Blutlinien - Koeln Krimi
in die Lagunenstadt aufmachte. Marilyn traute Gabriella Salviati die schlimmsten Abscheulichkeiten zu.
Cesare hingegen hielt seine Schwester für ein Unschuldslamm, auch was die toten Ehemänner betraf. Im Laufe der Jahre hatte er ihr gegenüber sogar einen übersteigerten Beschützerinstinkt entwickelt: Wer weiß, wie lange sie noch lebt. Sie hat Diabetes, dazu die Herzprobleme. Sei großzügig, mein Herz. Wir sind so viel besser dran!
Die S-Bahn füllte sich mehr und mehr. Marilyn tastete nach Cesares Hand und musterte ihn von der Seite. Er trug seinen grauen Mantel aus Schurwolle und eine abgewetzte Ballonmütze mit Fischgrätmuster, obwohl wieder milde Temperaturen herrschten. In Venedig war es bestimmt noch heißer. Aber Cesare fror eigentlich immer.
»Fahr nicht«, flüsterte Marilyn.
Cesare drehte sich wortlos zum Fenster, unumstößliche Dinge diskutierte er nicht.
Marilyns Blick wanderte.
Der Mann saß eingequetscht von einem übergewichtigen Jugendlichen am Fenster. Marilyn erschrak bei seinem Anblick. Seit Tagen lungerte er in ihrer Straße herum. Wieder trug er diese russische Uschanka, eine dieser Fellmützen mit Ohrenklappen, für die es ebenfalls viel zu warm war. Als sich ihre Blicke trafen, begann Marilyn zu frösteln. Der Mann war klassisch schön, aber seine Augen blieben unbeweglich und erschreckend kalt. Eiskalt. Seine geschwungenen Nasenflügel zitterten, als nähmen sie Witterung auf. Marilyn fühlte sich unbehaglich, drehte sich weg, spürte jedoch weiter den unangenehmen Blick der stechenden Augen auf sich.
»Ich habe für dich vorgekocht.« Cesare zog Marilyn in die gemeinsame Welt zurück. »Für jeden Tag steht Essen im Kühlschrank. Du brauchst es nur aufzuwärmen.«
Das machte er immer. Cesare blickte voraus.
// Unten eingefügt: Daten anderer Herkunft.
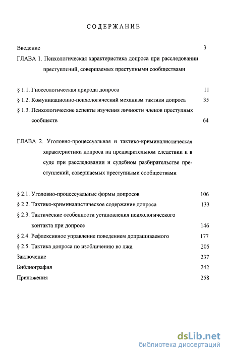 ГЛАВА 1. Психологическая характеристика допроса при расследовании преступлений, совершаемых преступными сообществами
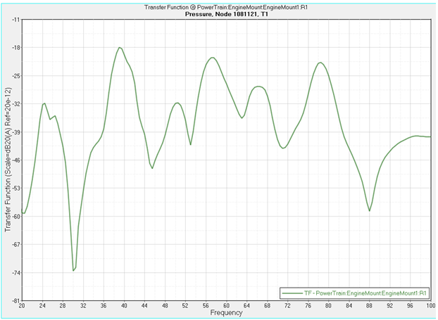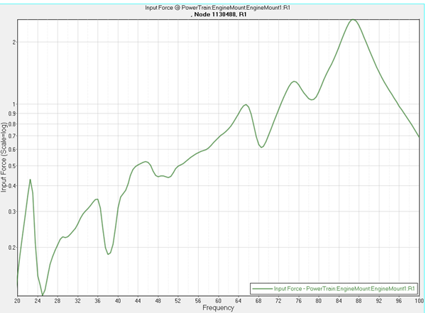 Once the resulting H3D file is loaded into the TPA utility in HyperView, transfer function results are automatically matched up with the attachment forces results. This automated TPA process significantly improves the efficiency and robustness of the TPA analyses.
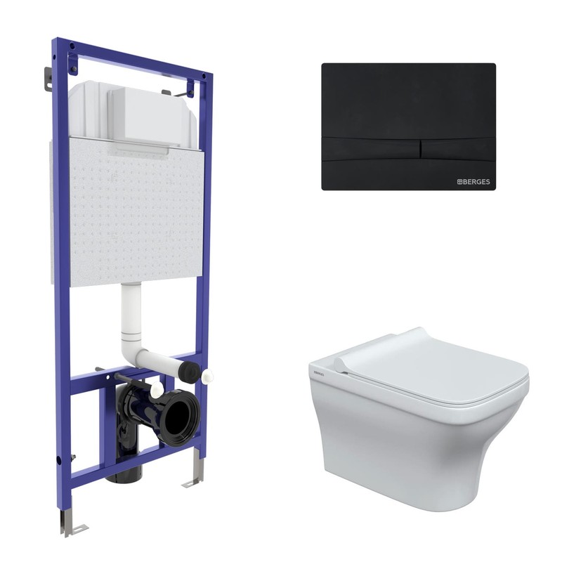 Полный Комплект BERGES для монтажа подвесного унитаза: инсталляция NOVUM525: толщина бачка 80 мм, резервуар воды объемом 10 литров с тепло-шумоизоляцией, объем смыва 3/6 литра с возможностью регулировки, нагрузка 400 кг, антикоррозийное покрытие, кнопка F5 черная Soft Touch, пластик, унитаз STRATI: Безободковый смыв, сиденье дюропласт STRATI ...
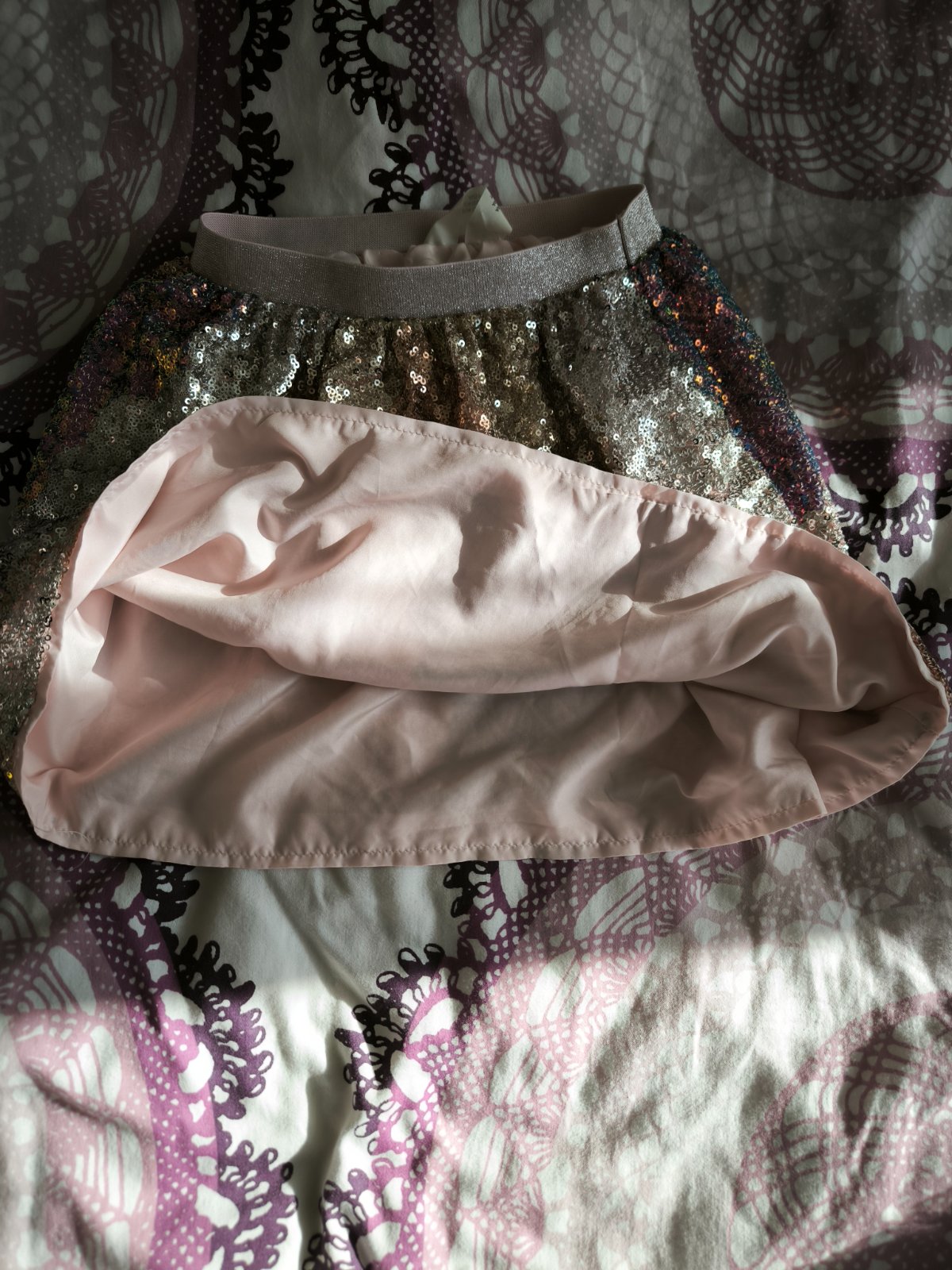 Krásna sukňa s trblietkami. Veľkosť 134/140. Jeden maličký fliačik ,vid posledná a predposledná fotka. Takmer nevidno,ale je tam.
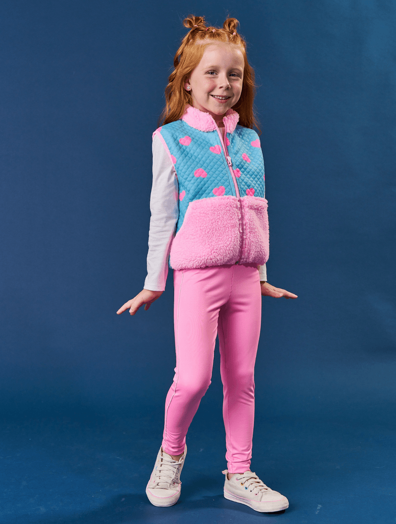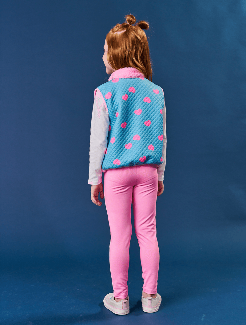 Conjunto feminino de blusa em meia malha com costas mais compridas estilo mullet legging em suplex com elástico no cós filete nas laterais e colete em matelassê estampado com gola e bolso em pelo carneirinho abertura em zíper e etiqueta decorativa no bolso. Inverno 2024. Modelo veste tamanho 4 e possui 1 12 de altura.

»Leg dir am Abend eine Wärmflasche ins Bett, nachts kühlt es merklich ab. Aber nimm nicht das Heizkissen! Du vergisst nur, den Stecker herauszuziehen. Und wenn das Geld im Umschlag, der in der Küchenschublade liegt, nicht reichen sollte, dann scheu dich nicht, Viktor um ein paar Euro zu bitten. Ich gebe sie ihm wieder, sobald ich zurück bin, hörst du?«
»Natürlich.«
Als die Bahn am Flughafen hielt, stiegen die meisten Fahrgäste aus. Cesare und Marilyn reihten sich ein, zogen gemeinsam den kleinen Trolley zur Rolltreppe. Der Beau mit der albernen Mütze war verschwunden. Marilyn erwähnte ihn Cesare gegenüber nicht. Er machte sich sonst noch mehr Sorgen.
Zielstrebig steuerte Cesare auf den Check-in-Schalter zu und drückte Marilyn zum Abschied einen Kuss auf die grellroten Lippen.
»Fahr nach Hause und pass auf dich auf. Übermorgen bin ich zurück.«
Köln, Nordpark-Residenz
Der Empfangsbereich glich dem eines Hotels. In der Lobby standen Frauen beieinander, stützten sich auf ihre Gehhilfen und unterhielten sich angeregt. Im Café schwatzten kleine Grüppchen und spielten Karten. Der Anblick des Alltäglichen versetzte Maline einen Stich. Ihr Vater nahm an diesem Leben nicht mehr teil, längst war er pflegebedürftig und baute zusehends weiter ab. Zu seiner Parkinson-Erkrankung waren diverse Schlaganfälle hinzugekommen, die sowohl Hirnleistung als auch Motorik stark in Mitleidenschaft zogen. Es gab nur noch wenige Tage, an denen Alfred Brass seine Tochter erkannte, und wenn er sprach, waren seine Mitteilungen auf wenige Worte begrenzt.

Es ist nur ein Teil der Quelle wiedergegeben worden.